Storm Ciara poses life-threatening danger across the UK, the Met Office warns, as gusts of hurricane-force appear set to pummel parts of the country.
Various yellow weather warnings for wind, rain and snow are currently in place from Saturday until Tuesday, although meteorologists warned these could increase to amber alerts on Sunday.
It is only the third named storm of the season, bringing with it the possibility of power cuts and disruption to rail, road, ferry and air travel.
Very strong winds and flooding could see some damage to property, with flying debris potentially posing a fatal risk, according to the Met Office.
Gusts could reach up to 80mph in coastal areas, particularly in the northwest, bringing a risk of injury or death due to large waves and beach material being thrown onto sea fronts, roads and properties, the national weather service warned.
Further inland, gusts could reach 60mph, even in the typically cosseted capital.
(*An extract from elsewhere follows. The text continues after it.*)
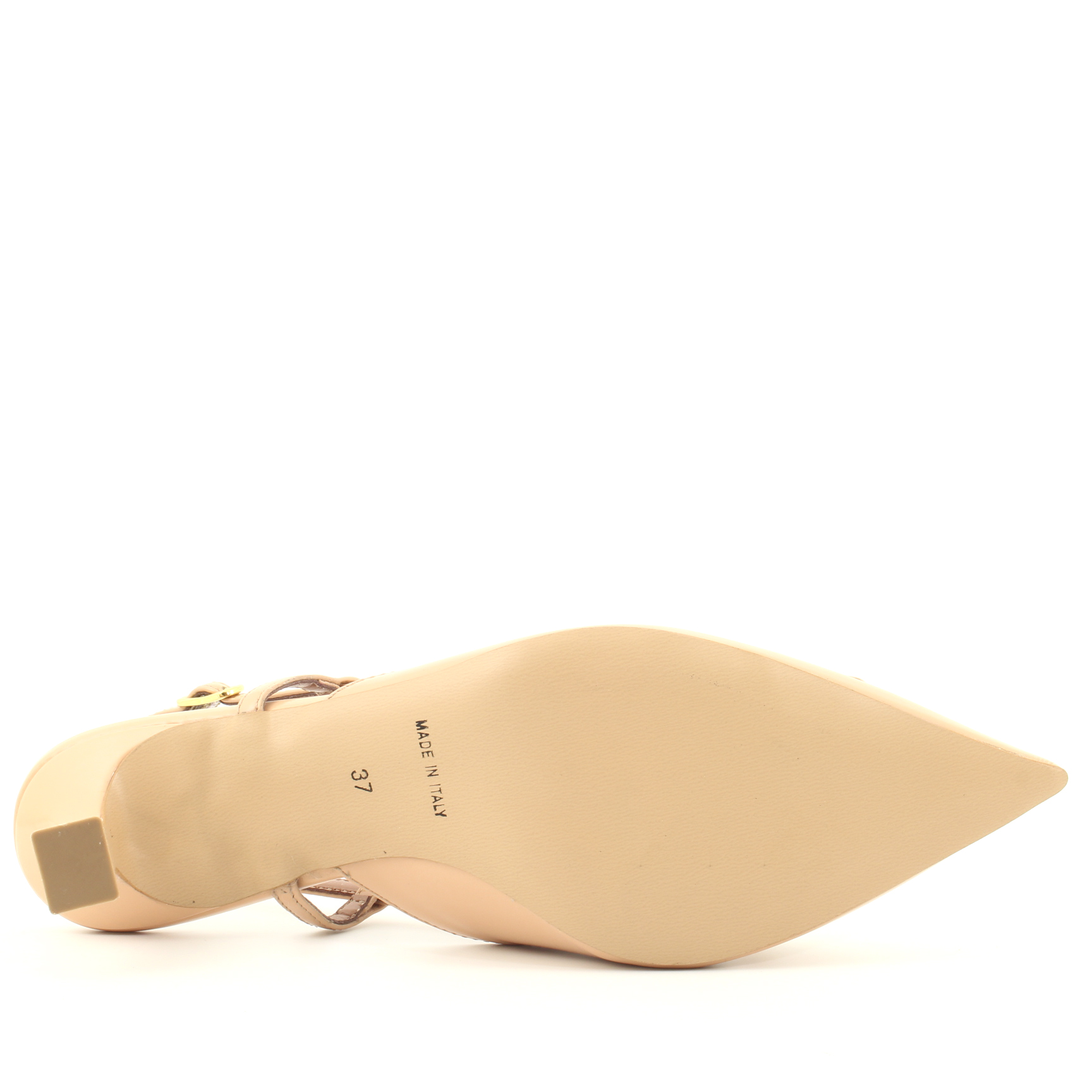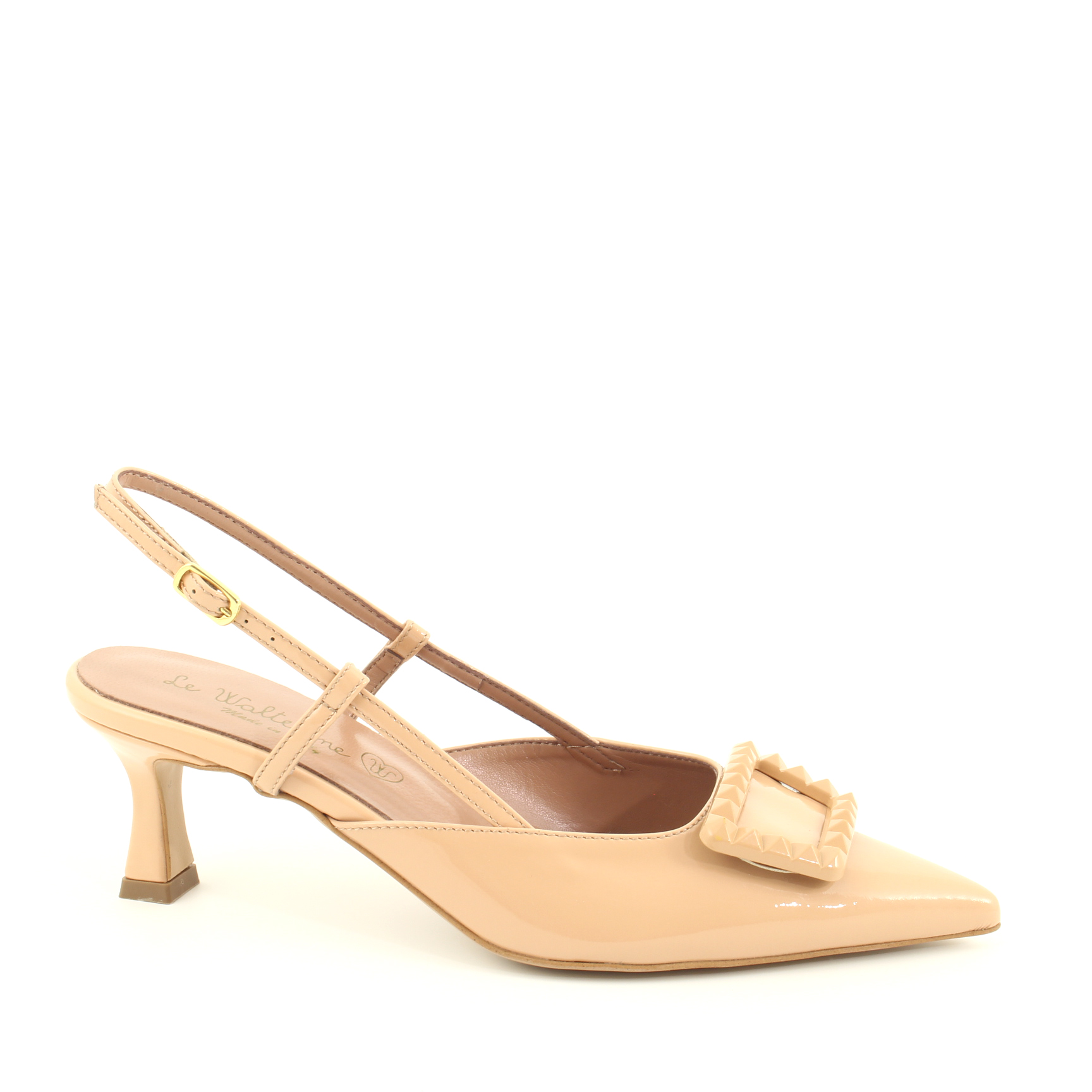 Slingback in vernice a punta, tacco 5 cm con accessorio applicato alla tomaia. L'accessorio è in tinta. Le pipette che reggono il cinturino unite alla regolazione tramite la fibbia assicurano una calzata stabile e una camminata sicura. Disponibile in tre versioni colore tutte da scegliere. Una slingback originale e femminile per i tuoi outfit estivi!

Meteorologists warned that infrastructure in southern areas may be less able to cope.
“Seeing such a swathe of strong winds across the UK is fairly unusual, and even gusts of 50 to 60mph in inner London would have quite a big impact,” said Met Office meteorologist John Griffiths.
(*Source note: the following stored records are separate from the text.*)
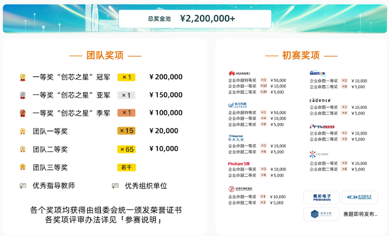 2.企业命题额外设立初赛专项奖,由企业专家评出,奖项设置详见各赛题页面。入围决赛的企业命题队伍继续参加大赛决赛各项奖项评比,与初赛奖项互不冲突。
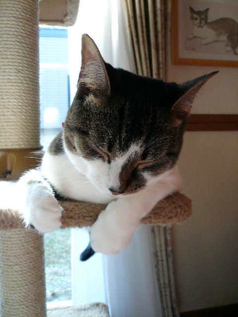はなちゃんったら 今日キャットタワーに乗ったまま 私のことをじーっと見ていて いつのまにか うとうと・・・いねむりしちゃってるの♪
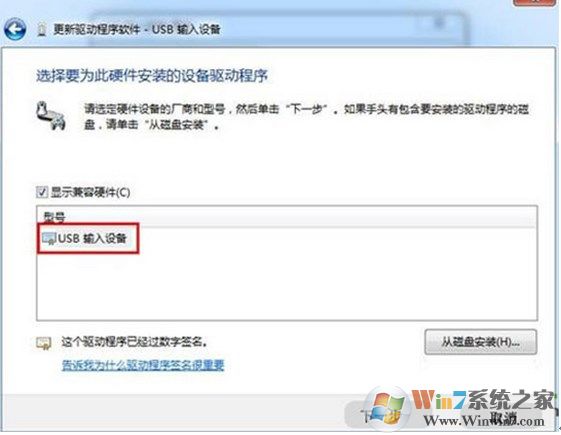 4、在弹出的窗口中选择“USB输入设备”,点击“下一步”。

“So although the strongest winds are probably going to be across northwestern areas and also up through the Channel potentially, seeing gusts of that kind of level [inland] is going to have some impact. That’s why we have this warning.”
Mr Griffiths warned stronger winds on the coast would have a similar impact to lesser gusts in urban and southern areas “because the infrastructure isn’t quite built to cope with those winds”.
Frank Saunders, chief meteorologist at the Met Office, added: “An extremely strong jet stream will steer a succession of low-pressure systems towards the UK over the next week, starting with Storm Ciara this weekend.
“Our confidence in the forecast means we have been able to issue severe weather warnings well in advance, giving people time to prepare for potential impacts of the storm.”
Before the storm arrives, a spate of high pressure will bring largely dry and bright weather across most of the UK on Thursday and Friday, with highs of 10C in Cornwall and 7C in Shetland on Friday.
But by Saturday a yellow warning for wind is issued across Scotland, Northern Ireland and northwest England, which comes into force for the entire UK on Sunday, alongside additional warnings for rain across England.
Scotland and Northern Ireland will still see warnings for wind and snow in place until Tuesday, bringing the chance of air and rail cancellations, stranding of vehicles and power cuts.
There appears little respite for the rest of the country in the wake of Storm Ciara, with the Met Office predicting conditions will remain unsettled and windy, turning colder with wintry showers and the additional hazard of ice heading into the following week.